::: Information provided :::
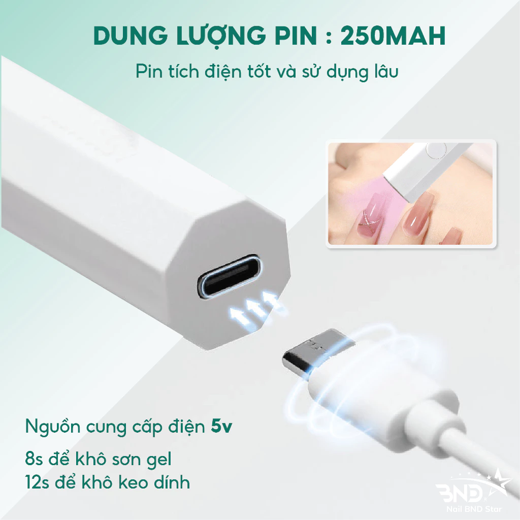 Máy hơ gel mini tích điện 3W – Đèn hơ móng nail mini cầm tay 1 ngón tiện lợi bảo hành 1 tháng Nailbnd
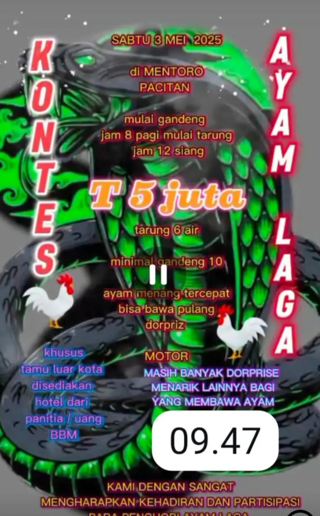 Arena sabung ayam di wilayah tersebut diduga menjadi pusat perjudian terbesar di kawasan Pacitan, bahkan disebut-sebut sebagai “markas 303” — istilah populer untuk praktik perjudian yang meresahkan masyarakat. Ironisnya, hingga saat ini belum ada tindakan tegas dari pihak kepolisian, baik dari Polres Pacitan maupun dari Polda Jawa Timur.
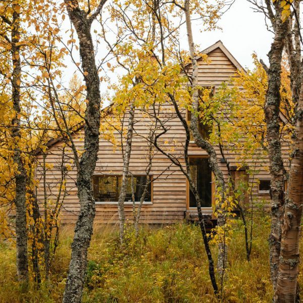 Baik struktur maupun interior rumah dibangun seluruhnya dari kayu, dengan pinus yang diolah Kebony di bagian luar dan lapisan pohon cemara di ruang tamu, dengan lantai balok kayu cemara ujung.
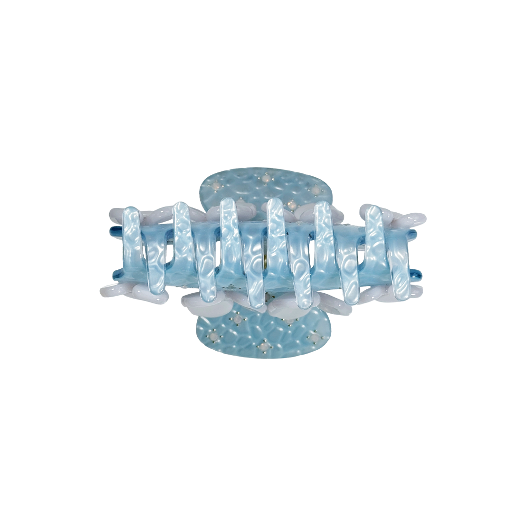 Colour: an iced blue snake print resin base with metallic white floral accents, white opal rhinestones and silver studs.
:::
Problem description:
I'd like the material above repeated exactly, with the pictures omitted.

Task solution:
 Máy hơ gel mini tích điện 3W – Đèn hơ móng nail mini cầm tay 1 ngón tiện lợi bảo hành 1 tháng Nailbnd
 Arena sabung ayam di wilayah tersebut diduga menjadi pusat perjudian terbesar di kawasan Pacitan, bahkan disebut-sebut sebagai “markas 303” — istilah populer untuk praktik perjudian yang meresahkan masyarakat. Ironisnya, hingga saat ini belum ada tindakan tegas dari pihak kepolisian, baik dari Polres Pacitan maupun dari Polda Jawa Timur.
 Baik struktur maupun interior rumah dibangun seluruhnya dari kayu, dengan pinus yang diolah Kebony di bagian luar dan lapisan pohon cemara di ruang tamu, dengan lantai balok kayu cemara ujung.
 Colour: an iced blue snake print resin base with metallic white floral accents, white opal rhinestones and silver studs.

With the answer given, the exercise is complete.